I shook my head. 'I'm sorry, Gerry. Mister Joyce has been a real friend to me. The very best. He's brave and he's decent and he's steadfast. I'm very fond of him and I think he likes me. But... they must have done some awful things to him in the cells. Look! They're pumping poppy or something into him now. Peter... Shall I take the tube out of your arm? Could you bear it? You might see things more clearly then.'

Peter's face worked strangely. 'I am seeing things clearly. Very clearly. Never more so. But yes, pull it out. I can do without it.'

I leaned over him and removed the poppy-drip from his arm as gently as I could. Even so, he flinched and a quick gasp of pain escaped his lips. I kissed him on the cheek. 'We'll get you out of here as soon as we can,' I said and slowly, deliberately, ran my hand down Viola's back, allowing the soft grey fur of her bushy tail to loop around my fingers. Peter sighed deeply and I, just for a moment, found myself inhabiting his ruined body once more.

'Thank you,' he said.

Oh, Peter. What was I going to do with you? What were any of us going to do? I felt so confused.

- 0 -

Alfie spoke out aloud. 'Gerry,' he said. 'There's something you mentioned just now that puzzled me.'

'Yes, Alfie? What was it?'

'You said that Mister Joyce might have known this Martin James in Oxford. Why there? Why Oxford?'

'Well, because...'

'Because nobody so far as I know has said anything about Oxford. I haven't. Sunny hasn't. Mister Joyce certainly hasn't. So why do you think they might have met, or whatever it was, in Oxford?'

Gerry laughed. 'Because, little Alpharintus, James, Cholmondley, Joyce and Joyce are one of the foremost makers of clocks in the Brytish Isles. Their head office is in Shoe Lane, in Oxford. That's why I guessed this mythical Martin James might have lived there.'

'I see. That's perfectly clear, except for one thing. Why do you think this Peter Joyce is Master Joyce the famous clockmaker, rather than some other Peter Joyce? It's not such an unusual name, after all. Neither Sunny nor I mentioned him last night. You weren't the slightest bit interested in what we'd been doing. Why was that? If you really were Gerry, you'd want to know all about everything Sunny and I have been up to since you last left home. If you're somebody else you'd probably not care.'

'Alfie! Don't be so horrible!'

'No,' said Gerry. 'He's got a point. You know how wrapped up in myself I can be sometimes. It's a bad fault. I'm sorry about it. Anyway, if you don't believe I am who I say I am, why don't you quiz me? Ask me some questions only the real Gerry Moon could answer. I'd better remind you, though, that I got a nasty bump on the head when my ship went down. There are some things I don't remember at all, and lots of stuff that's still pretty vague.'

'What a surprise,' said Peter with a scowl. 'Very convenient, I must say.'

'That's a nice get-out for you, isn't it?' said Alfie, much to my disgust.

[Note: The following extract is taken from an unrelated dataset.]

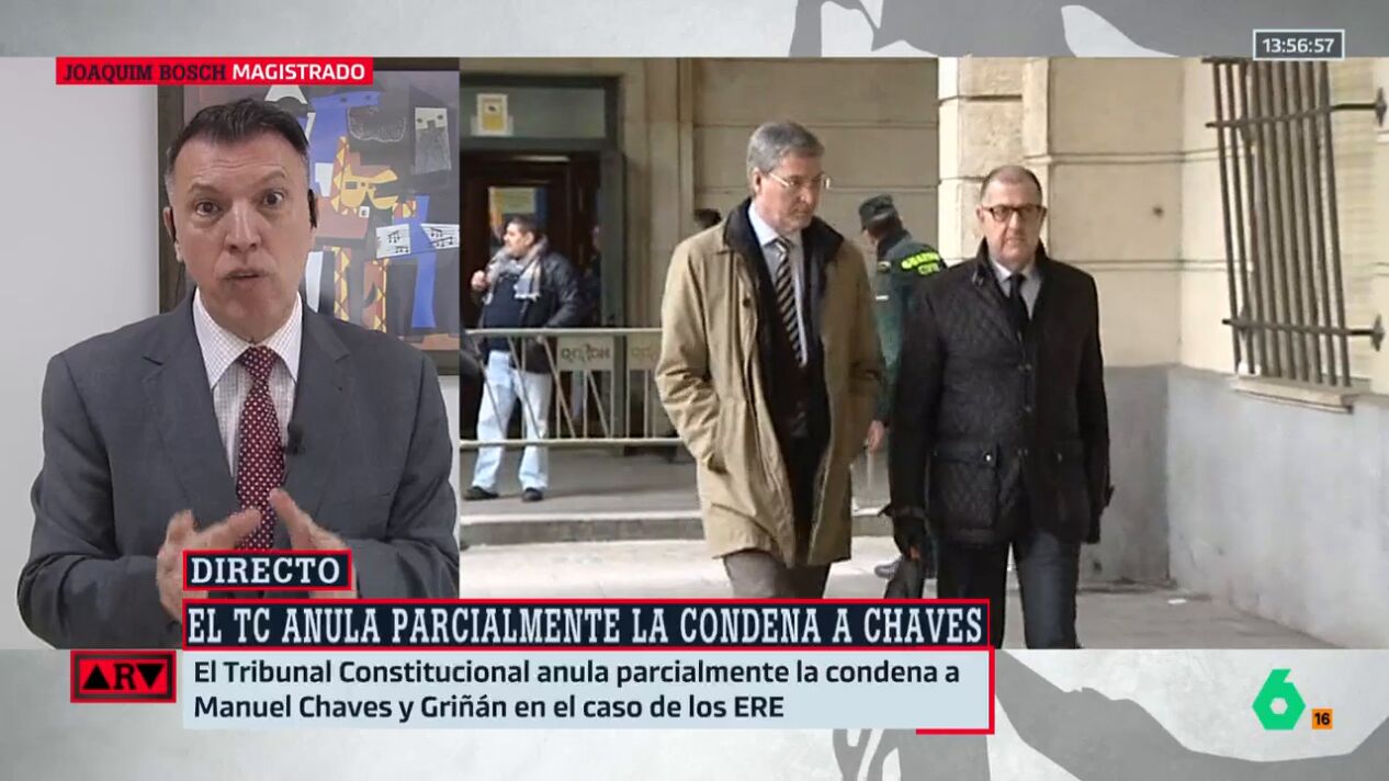 El magistrado Joaquim Bosch ha aclarado en Al Rojo Vivo por qué el Tribunal Constitucional ha decidido anular parcialmente las condenas de Manuel Chaves y José Antonio Griñán por los ERE.

Gerry smiled and shook his head again. 'Go on. Ask away.' I had a quick think.

'All right, then,' I said. 'What's my pony's name?'

Gerry thought for a moment. 'Regulus.'

'Regulus? You're sure?'

'Yes, of course.' Was he really? That changed matters. I stood up.

'I think you may be right,' I said to Peter. 'He's not my brother. You see,' turning to the figure who stood by the door, 'the only pony of mine you could possibly have remembered was Scipio. But Scipio had an accident not long after your ship went down and Daddy bought Regulus for me instead. It was too unfair, you see, to lose my brother and my pony so soon after one another. But you couldn't have known that, could you? You weren't there. Well?' I drew my sword and waited for his admission of guilt.

'Sunny, Sunny.' Gerry shook his head and smiled. 'Did they ever tell you about Ockham's Razor at school? No? Well, let me educate you now. It's a well-established theological principle and it states, to put it at its simplest, that when faced with two or more explanations for something you should always go for the less or least complicated one. Now consider: which is more unlikely; that I am an impostor who has somehow managed to impersonate your long-lost brother and discovered, by some means involving various acts of derring-do and espionage, all kinds of information about you; or that I'm who I say I am and that I wrote to our father and asked him for news of you, my darling sister?'

'Oh.' Put that way my doubts seemed ridiculous. 'You mean that you and Daddy have been writing to each other, but nobody's told me anything about it? Do you know something? I wrote to you all the time. Nearly every day, sometimes. I told you everything that was going on. All my secrets. Everything.'

'I never got any of them.'

'You silly sod!' I thumped Gerry's chest. 'Of course you didn't get them. I didn't post them! What do you think I am - mad?'

I had wondered about that, said Alfie.

You never said anything to me.

Gerry put his hand on my shoulder. 'I'm sorry, sis. We both decided it was better if you didn't know. Security, you see. Need-to-know, and all that.'

'You're saying I didn't need to know that you were alive?'

'You might have inadvertently let something slip at school. We couldn't risk it. My work was too important.'

I sat down on the edge of the bed with my head in my hands. I didn't know what to think. 'Peter,' I said after a minute or so. 'Why are you so sure that Gerry is Martin James? Where did you get that idea from?'

'I can tell by looking at him. If you focussed your eyes in the right way, you could too. It's something Arthur taught me.'

'Oh, him. Funny he's not here now, isn't it?'

'I wish he were.' Peter sighed again and fell back against the pillows. We were getting nowhere.

- 0 -

'Do you think you could put that deadly weapon of yours down now?' Gerry said.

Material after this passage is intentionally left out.